TASK PROMPT:
For this exercise, output the entries below exactly from the line that holds "而面对被网友误解的应采儿,很" to the line that holds "Staffer Romain Wattel", both ends included. No pictures belong in the copy.

STUDY MATERIAL:
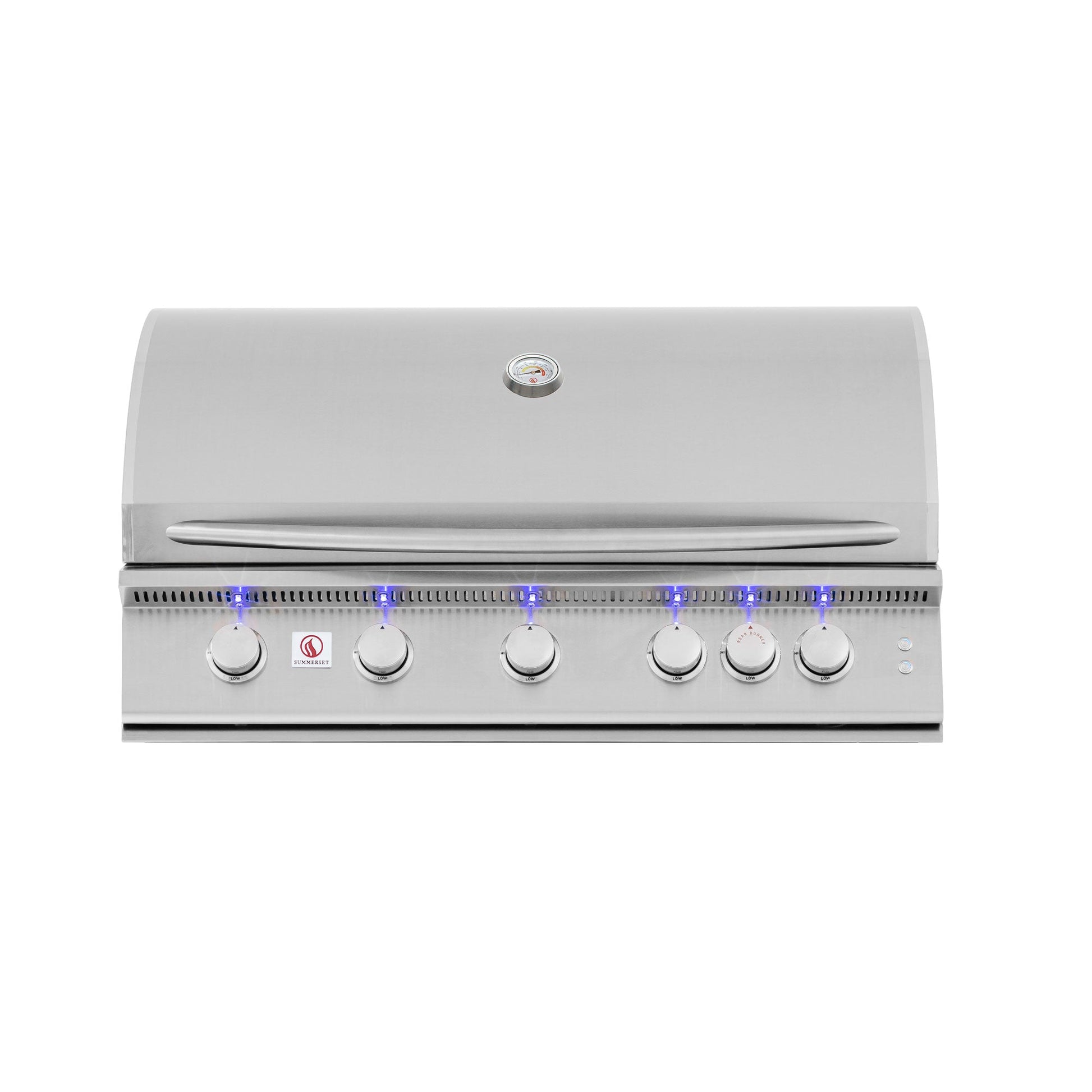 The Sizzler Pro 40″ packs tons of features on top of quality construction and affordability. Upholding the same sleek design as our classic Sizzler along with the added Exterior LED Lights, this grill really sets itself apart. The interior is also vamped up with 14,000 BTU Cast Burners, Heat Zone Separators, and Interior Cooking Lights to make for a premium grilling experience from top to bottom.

* * *

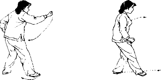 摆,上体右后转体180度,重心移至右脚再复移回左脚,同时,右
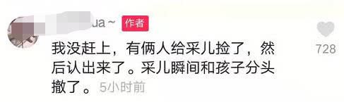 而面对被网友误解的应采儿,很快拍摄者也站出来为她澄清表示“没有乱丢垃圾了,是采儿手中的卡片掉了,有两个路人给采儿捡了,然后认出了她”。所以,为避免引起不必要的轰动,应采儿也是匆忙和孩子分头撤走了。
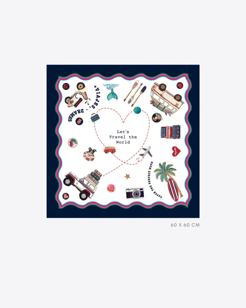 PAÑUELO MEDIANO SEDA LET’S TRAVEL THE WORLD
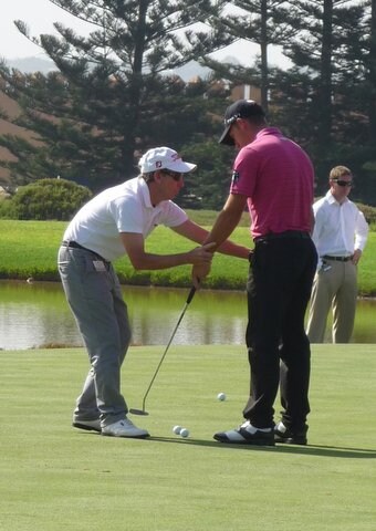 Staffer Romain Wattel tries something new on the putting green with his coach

RESPONSE TO THE TASK:
 而面对被网友误解的应采儿,很快拍摄者也站出来为她澄清表示“没有乱丢垃圾了,是采儿手中的卡片掉了,有两个路人给采儿捡了,然后认出了她”。所以,为避免引起不必要的轰动,应采儿也是匆忙和孩子分头撤走了。
 PAÑUELO MEDIANO SEDA LET’S TRAVEL THE WORLD
 Staffer Romain Wattel tries something new on the putting green with his coach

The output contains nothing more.